> Information shown
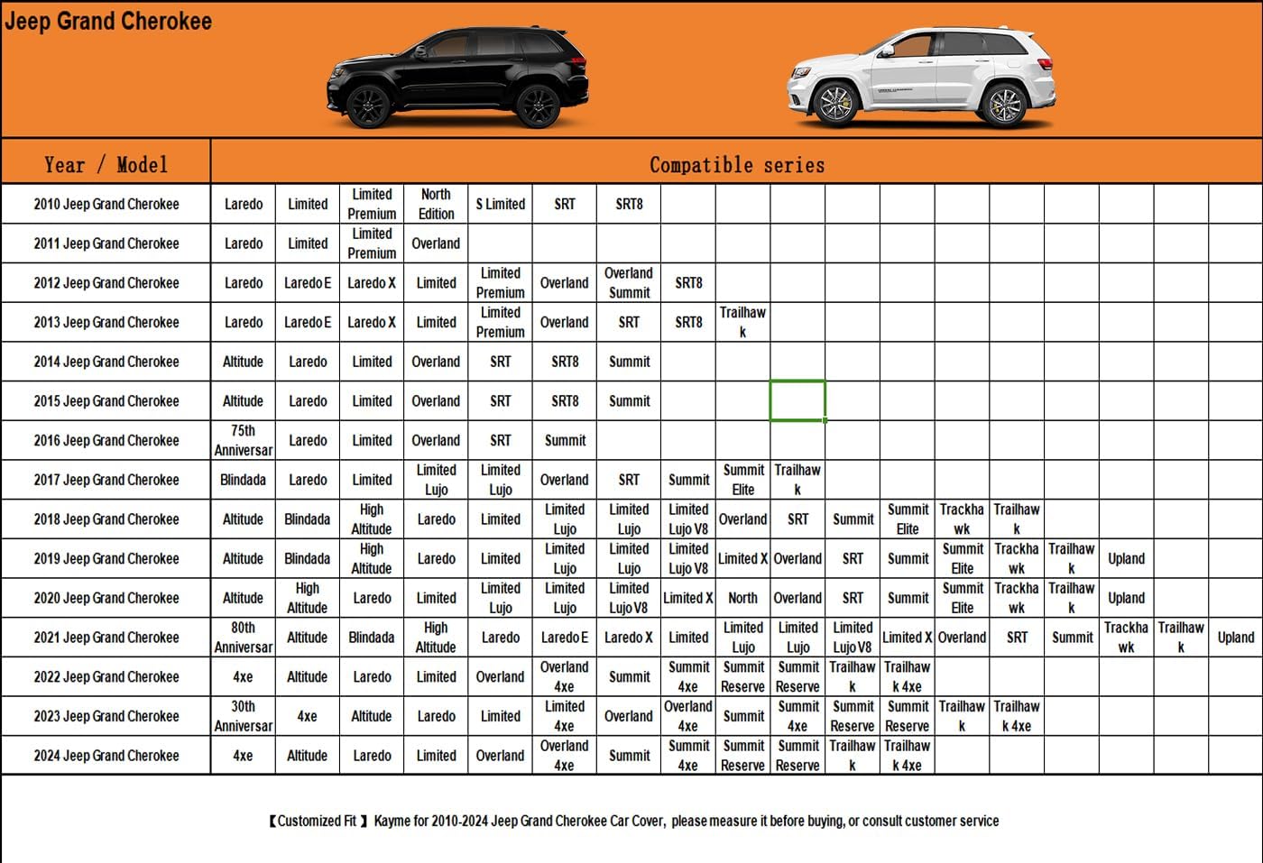 - 【Suitable for】— Custom fit for Jeep Grand Cherokee (2010-2025). Come with a large enough portable bag to store your cover when you do not use
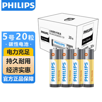 飞利浦(PHILIPS)碳性5号电池20粒干电池适用遥控器/钟表/电子称/计算器/闹钟/耳温枪五号电池AA R6
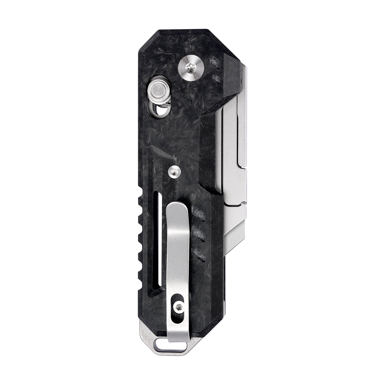 Specification Details Total Length (Open) 5.43 inches (13.8 cm) Blade Length 2.4 inches (6.1 cm) Blade Material Steel (Replaceable Utility Blade) Blade Width 0.748 inches (1.9 cm) Blade Thickness 0.0236 inches (0.06 cm) Handle Length 3.46 inches (8.8 cm) Handle Material Carbon Fiber + Steel Components Handle Width 1.14 inches (2.9 cm) Handle Thickness 0.433 inches (1.1 cm) Net Weight 2.01 oz (57 g) Core Features Replaceable Blade, Slider Button Lock, Pocket Clip, Lanyard Hole Use Scenarios Everyday Carry (EDC), Outdoor, Home DIY, Package Opening
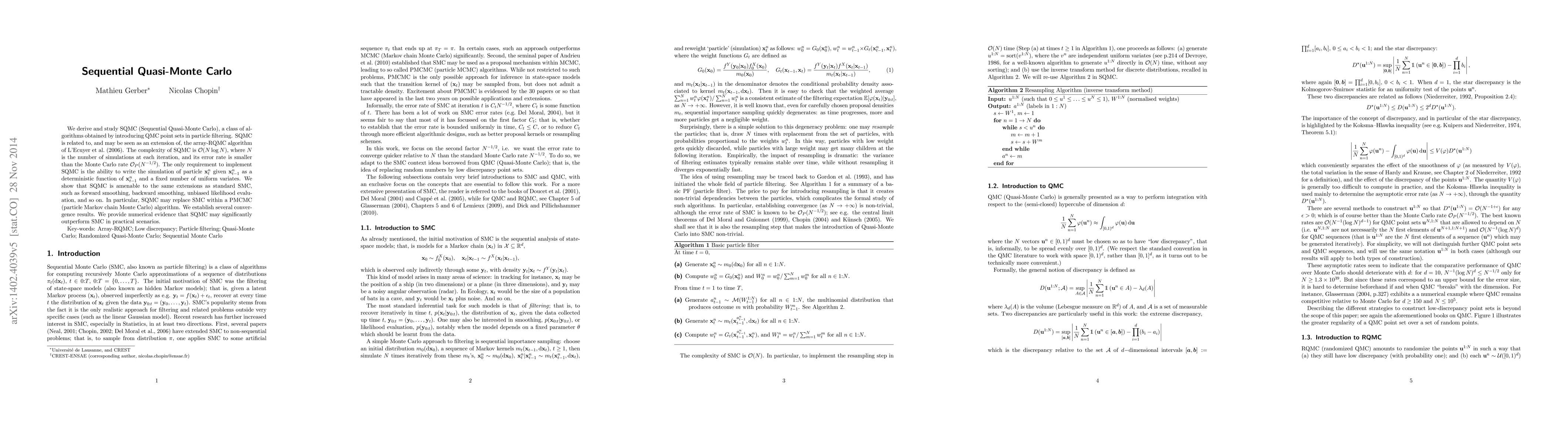Sequential Quasi-Monte Carlo (SQMC) extends particle filtering by incorporating Quasi-Monte Carlo point sets, achieving $O(N \log N)$ complexity and lower error rates than standard Monte Carlo methods. SQMC can replace standard Sequential Monte Carlo (SMC) in particle Markov chain Monte Carlo (PMCMC) algorithms and shows potential for superior performance in practical applications.

> Goal of the exercise
All of the data is to be returned exactly, with no pictures included.

> Response to this exercise
 - 【Suitable for】— Custom fit for Jeep Grand Cherokee (2010-2025). Come with a large enough portable bag to store your cover when you do not use
 飞利浦(PHILIPS)碳性5号电池20粒干电池适用遥控器/钟表/电子称/计算器/闹钟/耳温枪五号电池AA R6
 Specification Details Total Length (Open) 5.43 inches (13.8 cm) Blade Length 2.4 inches (6.1 cm) Blade Material Steel (Replaceable Utility Blade) Blade Width 0.748 inches (1.9 cm) Blade Thickness 0.0236 inches (0.06 cm) Handle Length 3.46 inches (8.8 cm) Handle Material Carbon Fiber + Steel Components Handle Width 1.14 inches (2.9 cm) Handle Thickness 0.433 inches (1.1 cm) Net Weight 2.01 oz (57 g) Core Features Replaceable Blade, Slider Button Lock, Pocket Clip, Lanyard Hole Use Scenarios Everyday Carry (EDC), Outdoor, Home DIY, Package Opening
Sequential Quasi-Monte Carlo (SQMC) extends particle filtering by incorporating Quasi-Monte Carlo point sets, achieving $O(N \log N)$ complexity and lower error rates than standard Monte Carlo methods. SQMC can replace standard Sequential Monte Carlo (SMC) in particle Markov chain Monte Carlo (PMCMC) algorithms and shows potential for superior performance in practical applications.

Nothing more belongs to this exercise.